Para responder a esta pergunta é imprescindível discutir qual o papel cumprido por elas, e porque
são necessárias. Elas constituem uma espécie de “pedágio” para os países de moeda
inconversível se inserir na globalização financeira. São elas que garantem aos proprietários dos
capitais que adentram um país a segurança de que os seus investimentos podem ser retirados e
convertidos em moeda forte a qualquer momento. Ou seja, são uma espécie de seguro para os
investidores, tão mais importante quanto mais aberta a economia e piores os seus indicadores
econômicos.
Outro ponto que deve ser entendido é que, para cumprir sua função precaucional, elas devem ter
dois atributos: o da segurança ou baixo risco e o da liquidez, ambos implicando uma baixa
rentabilidade. Não é por outra razão que os títulos do Tesouro dos EUA são seu lastro privilegiado.
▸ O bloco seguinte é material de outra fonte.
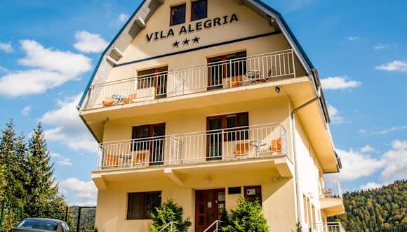 Die Unterkunft Vila Alegria befindet sich in Buşteni, weniger als 9 km von Schloss Peles und dem Gedenkhaus von George Enescu entfernt. Die Umgebung bietet zahlreiche Freizeitmöglichkeiten. Der Parc Aventura Braşov und Dino Parc liegen jeweils 32 km entfernt. Der nächste Flughafen ist der Flughafen Bukarest Henri Coandă, welcher 117 km von der Unterkunft entfernt ist.

Aqui também é importante ressaltar que, normalmente, para países de moeda inconversível, as
taxas de juros pagas na dívida pública são sempre superiores àquelas das reservas.
É também uma forma de financiamento muito mais barata do que a emissão de nova dívida
doméstica, que possui custo em torno da Selic. Por fim, é uma operação neutra do ponto de vista
dos estoques de dívida – bruta e líquida –, pois implica tão somente uma mudança da composição
dos ativos do setor público: de títulos do tesouro americano para títulos domésticos, públicos ou
preferencialmente, privados.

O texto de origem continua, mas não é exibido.